Habe es gerade getestet und es gibt 7 links. Sind Sie wollen nur den text und die Streifen, die links?
Genau. 🙂 Das ist genau das Problem, das ich habe. Ich will den text, ohne link.
Siehe unten......

InformationsquelleAutor Only Bolivian Here | 2012-07-26

Hier ist eine Lösung, die ich gefunden.
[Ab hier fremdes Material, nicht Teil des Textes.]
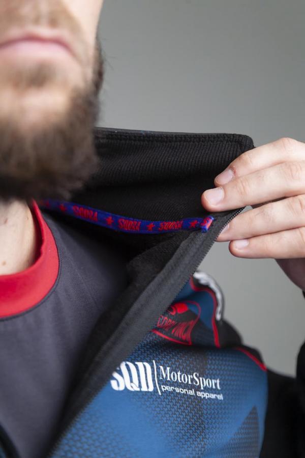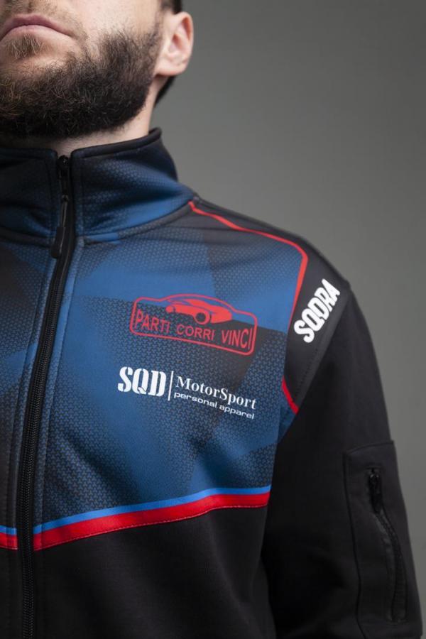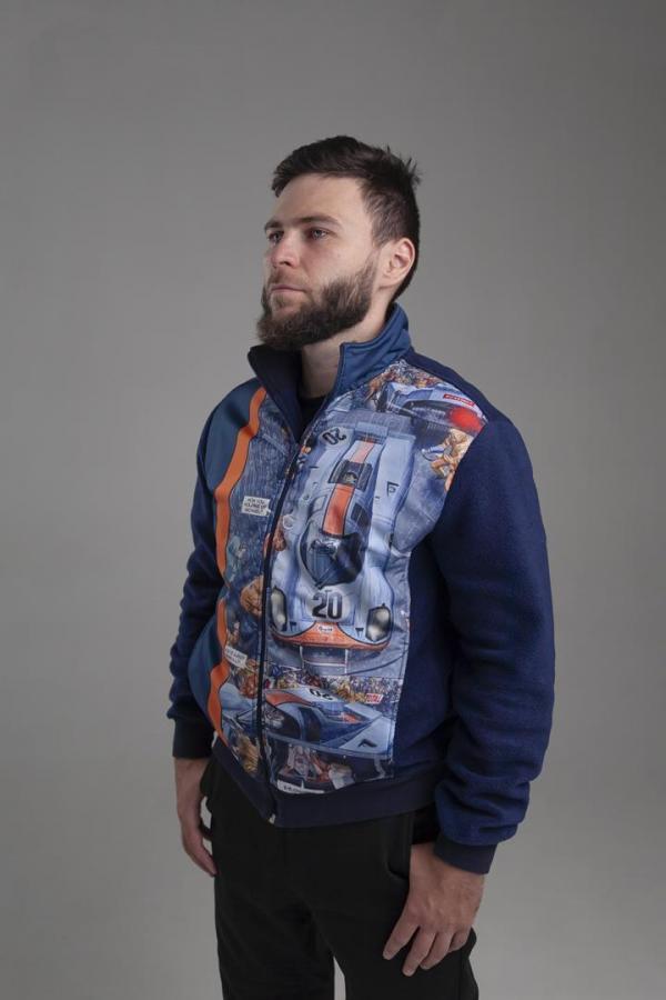 Комбинированное исполнение олимпийки из флиса, фронтальная часть из ветрозащитной ткани в печатном дизайне.

Obwohl, wenn ich kann, verbessern den code, würde es geschätzt werden.

<h1>Scraper Noticias</h1>

<?php

include('simple_html_dom.php');

class News {
    var $image;
    var $fechanoticia;
    var $title;
    var $description;
    var $sourceurl;

    function get_image( ) {
        return $this->image;
    }

    function set_image ($new_image) {
        $this->image = $new_image;
    }

    function get_fechanoticia( ) {
        return $this->fechanoticia;
    }

    function set_fechanoticia ($new_fechanoticia) {
        $this->fechanoticia = $new_fechanoticia;
    }

    function get_title( ) {
        return $this->title;
    }

    function set_title ($new_title) {
        $this->title = $new_title;
    }

    function get_description( ) {
        return $this->description;
    }

    function set_description ($new_description) {
        $this->description = $new_description;
    }

    function get_sourceurl( ) {
        return $this->sourceurl;
    }

    function set_sourceurl ($new_sourceurl) {
        $this->sourceurl = $new_sourceurl;
    }
}

//Create DOM from URL or file
$html = file_get_html('http://www.uvm.cl/noticias_mas.shtml');

$parsedNews = array();

//Find all news items.
foreach($html->find('#cont2 p') as $element) {

    $newItem = new News;

    //Parse the news item's thumbnail image.
    foreach ($element->find('img') as $image) {
        $newItem->set_image($image->src);
        //echo $newItem->get_image() . "<br />";
    }

    //Parse the news item's post date.
    foreach ($element->find('span.fechanoticia') as $fecha) {
        $newItem->set_fechanoticia($fecha->innertext);
        //echo $newItem->get_fechanoticia() . "<br />";
    }

    //Parse the news item's title.
    foreach ($element->find('a') as $title) {
        $newItem->set_title($title->innertext);
        //echo $newItem->get_title() . "<br />";
    }

    //Parse the news item's source URL link.
    foreach ($element->find('a') as $sourceurl) {
        $newItem->set_sourceurl("http://www.uvm.cl/" . $sourceurl->href);
    }

    //Parse the news items' description text.
    foreach ($element->find('a') as $link) {
        $link->outertext = '';
    }

    foreach ($element->find('span') as $link) {
        $link->outertext = '';
    }

    foreach ($element->find('img') as $link) {
        $link->outertext = '';
    }

    echo $element->innertext;

} 

?>

InformationsquelleAutor Only Bolivian Here

Verwenden Sie die innertext statt outertext

    foreach ($element->find('a') as $sourceurl) {
    echo $sourceurl->innertext . "<br />";
    }

InformationsquelleAutor Paul Dessert

Schreibe einen Kommentar

Du musst angemeldet sein, um einen Kommentar abzugeben.